Member of the North West Provincial Legislature
- Incumbent
- Assumed office December 2022

Deputy Provincial Chairperson of the African National Congress in the North West
- Incumbent
- Assumed office August 2022
- Chairperson: Nono Maloyi
- Preceded by: Sello Lehari

Personal details
- Born: 14 June 1970 (age 55)
- Party: African National Congress
- Nickname: Lazzy

= Lazarus Mokgosi =

South African politician (born 1970)

Lazarus "Lazzy" Mokgosi (born 14 June 1970) is a South African politician who has been the eighth Premier of the North West since June 2024 and a Member of the North West Provincial Legislature since December 2022. He is a member of the African National Congress (ANC) and in August 2022 was elected to a four-year term as Deputy Provincial Chairperson of the party's North West branch.

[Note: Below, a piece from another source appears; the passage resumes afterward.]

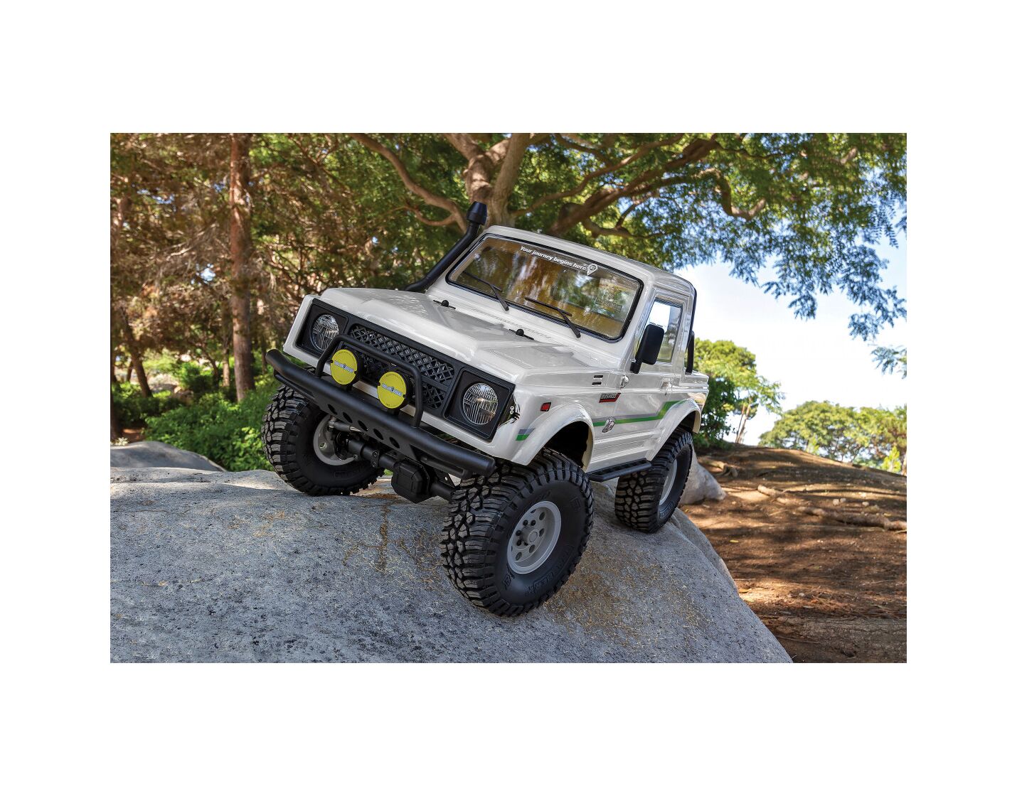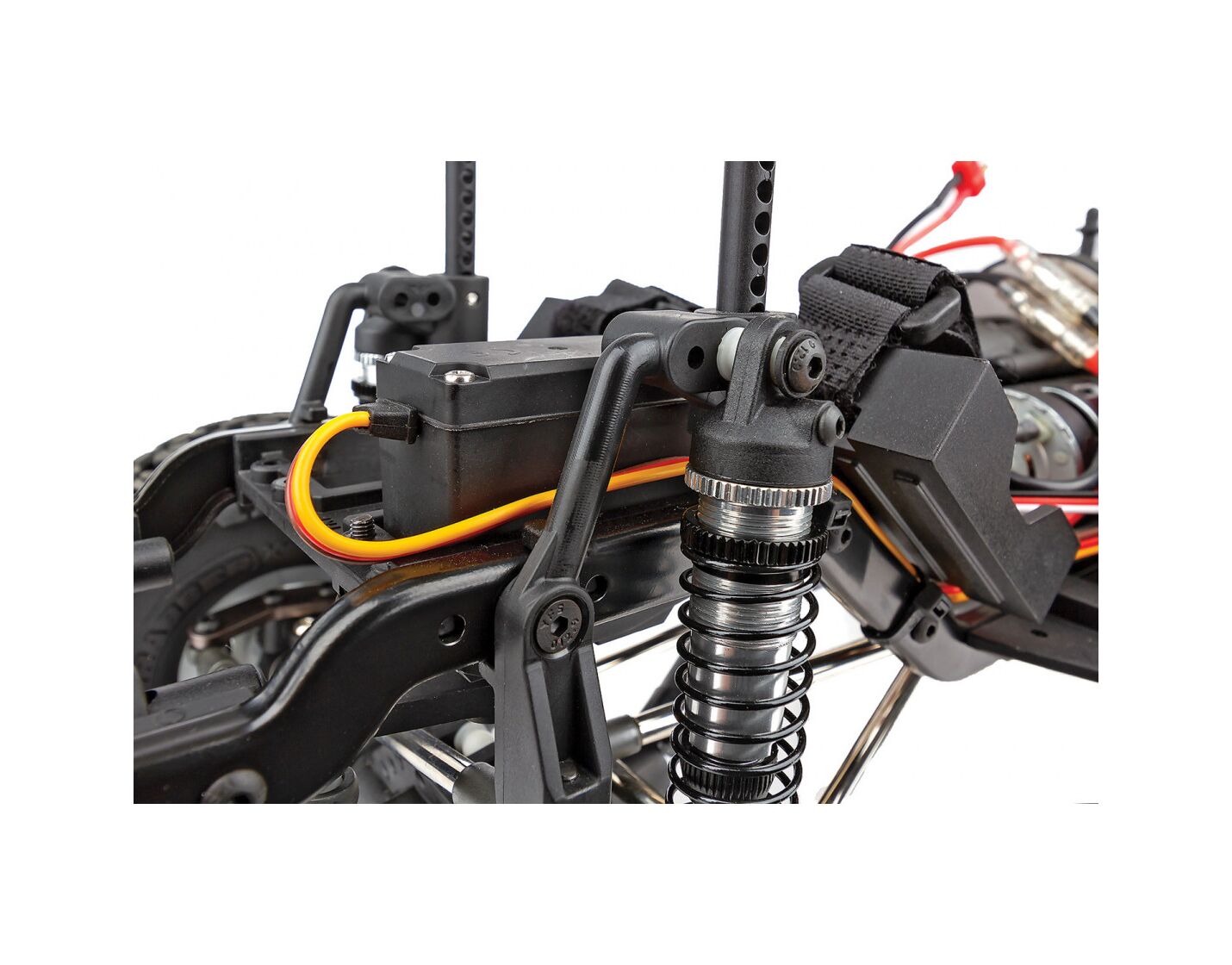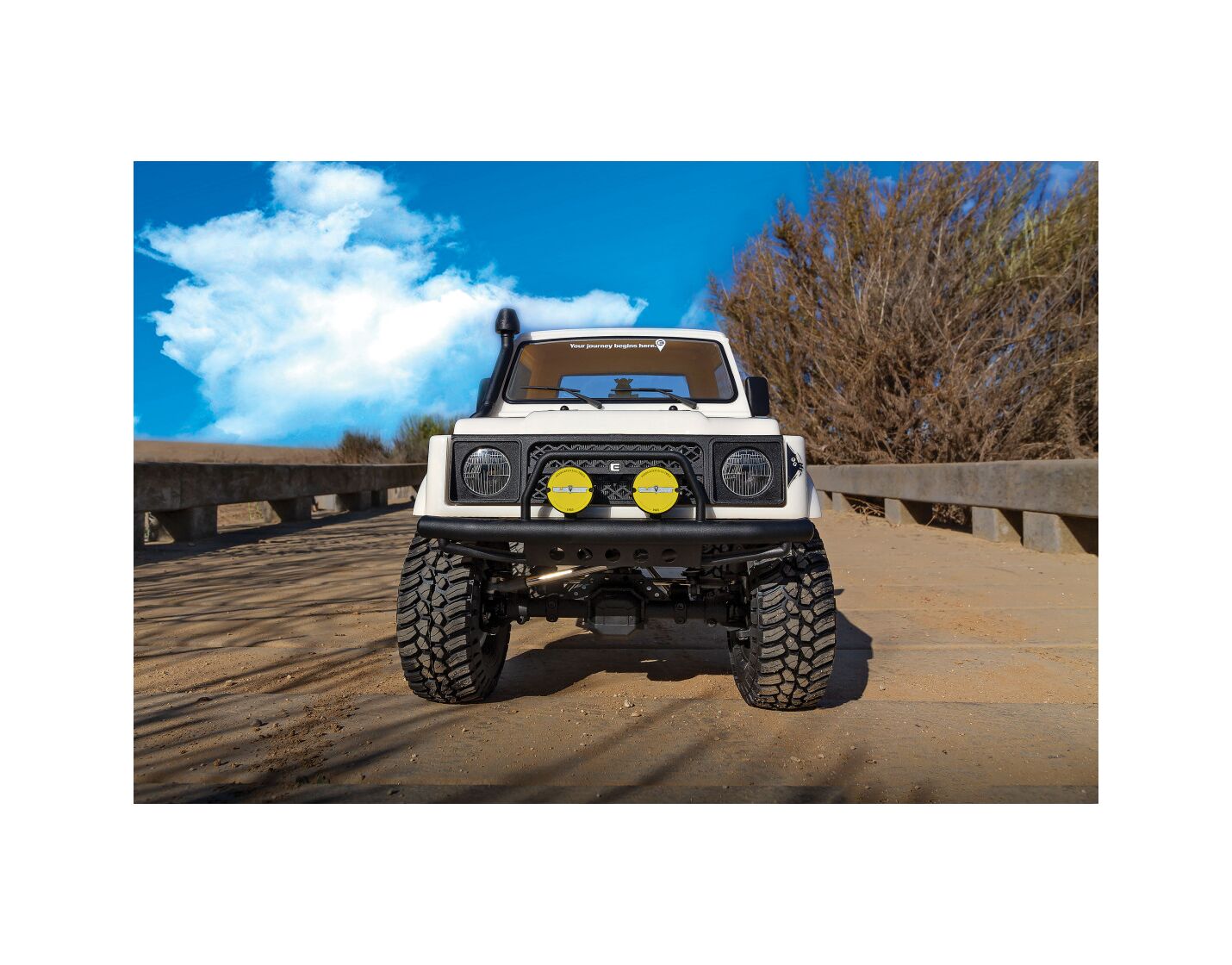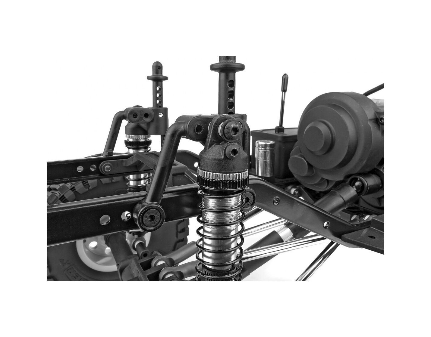 Die einteilige Polykarbonat-Karosserie ist vorlackiert, hat transparente Scheiben und wird mit einem detaillierten Dekorbogen und zusätzlichen Aufklebern geliefert, mit denen der Bushido weiter personalisiert werden kann. Für ein besonders vorbildgetreues Aussehen auf dem Trail sorgen Außenspiegel, Kühlergrill, Scheibenwischer, Ansaugschnorchel, Stoßfänger und Überrollbügel aus Spritzguss.

According to City Press, Mokgosi was elected to the party office on a slate of candidates aligned to Nono Maloyi, who was elected ANC Provincial Chairperson at the same party elective conference. Mokgosi won the position in a contest against Paul Sebegoe; he received 353 votes against Sebego's 311. He was sworn into the provincial legislature in December, reportedly after the ANC amended its party list to elevate him. He filled a casual vacancy arising from the resignation of Wendy Matsemela earlier that month.

Mokgosi joined the Provincial Executive Council in July 2023, taking over as the MEC for Social Development from Boitumelo Moiloa. Following the 2024 general election, Mokgosi was promoted to premier, succeeding Bushy Maape.